Comme cela a été bien démontré, ces réductions sont racialisées et genrées. Les familles monoparentales dirigées par des femmes et les personnes racialisées, y compris les populations autochtones, sont beaucoup plus susceptibles d’être pauvres et ont besoin de ces services et de soutien. Rappelons le fait que la différence d’espérance de vie à l’âge de 25 ans entre les groupes de revenus plus élevés et les plus faibles au Canada est de 7,1 ans pour les hommes et 4,9 ans pour les femmes.
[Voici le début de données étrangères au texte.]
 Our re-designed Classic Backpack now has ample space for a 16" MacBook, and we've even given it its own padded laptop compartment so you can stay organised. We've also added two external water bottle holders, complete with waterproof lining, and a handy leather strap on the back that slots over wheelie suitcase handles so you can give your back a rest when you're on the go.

Les compressions dans les autres types de services – les retraites et la sécurité de la vieillesse, les bibliothèques, les subventions pour la garde des enfants, les programmes de nutrition dans les écoles, les programmes parascolaires, pour les centres communautaires, de transit - sont également essentiels, car ils représentent d’importants efforts pour socialiser le travail lié au soutien et à la reproduction humaine.
La logique derrière ces coupures est claire : l’État est de plus en plus réticents à fournir des services qui aident à maintenir et à entretenir et à reproduire la classe ouvrière. Ces coûts ne seront pas payés par les impôts, et ils ne seront certainement pas payés en taxant les riches et leurs entreprises. Les coûts seront supportés par les familles individuellement. Les familles doivent s’organiser par elles-mêmes afin de gérer les coûts associés à l’éducation des enfants et au vieillissement de la population. Le travail non rémunéré et non reconnu des femmes est essentiel dans le cadre des politiques d’austérité, car il est considéré comme une ressource infiniment élastique, capable de s’étirer pour répondre même à toutes les exigences.
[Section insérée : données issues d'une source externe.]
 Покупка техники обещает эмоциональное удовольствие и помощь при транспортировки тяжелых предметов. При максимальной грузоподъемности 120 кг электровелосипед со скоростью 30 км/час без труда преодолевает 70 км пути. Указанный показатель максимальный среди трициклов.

Mais bien sûr, ce travail n’est pas infiniment élastique, et nous savons que beaucoup de gens tombent à travers les mailles du filet. Inévitablement, travailler dans des emplois encore plus précaires ne suffira pas à payer le loyer et mettre de la nourriture sur la table. Dans un contexte où les hommes font encore des salaires plus élevés en moyenne que les femmes et où le divorce ou la séparation entraîne généralement une chute du niveau de vie des femmes, la pression économique peut forcer de nombreuses femmes à rester dans des relations qu’ils préféreraient rompre. De plus, les difficultés économiques seront traitées par d’autres moyens : s’endetter davantage, frauder le fisc ou le bien-être, plonger dans la prostitution, le trafic de drogue, la mendicité, le vol... L’État sait que trop, qui nous aide à comprendre la logique derrière le caractère punitif de la loi Omnibus sur le Crime.

Aller de l’avant

Sans aucun doute, c’est une situation désastreuse, qui continuera d’exiger une résistance différenciée et bien coordonnée. Il sera nécessaire de rassembler une large coalition des forces sociales. Certaines s’organisent déjà. À Toronto, par exemple, la riposte coordonnée contre les coupures au niveau municipal par le « Toronto Stop the Cuts » et de ses alliés dans la communauté et le mouvement ouvrier a eu un grand impact. Mais nous aurons besoin d’élargir et d’approfondir cette mobilisation. Il sera également important d’y intégrer une analyse féministe et des initiatives liées au travail non rémunéré effectué par les femmes au foyer et dans la communauté.

La mobilisation contre coupures d’emplois et les interruptions de service doit être jumelée à un large débat sur le travail de soin. Ces questions vont devenir encore plus essentielles dans le contexte où les ménages vont être encore plus endettés, dans un contexte où manque d’un programme de garderies publiques nationales, où la population vieillit rapidement, où est remis en question les soins aux personnes âgées ou un une pension appropriée, dans un contexte où une pauvreté élevée frappent les enfants. Le travail du soin aux gens doit être considérée comme une partie essentielle de notre économie, et non relever de la seule responsabilité des familles surchargées et mal supportées. •


Adrie Naylor est membre du Comité d’action féministe du Greater Toronto Workers’Assembly. Elle est membre du "St. Clair West Chapter of Toronto Stop the Cuts" et elle est éditrice d’ « Upping the Anti ». Cet article est paru dans New Socialist Webzine.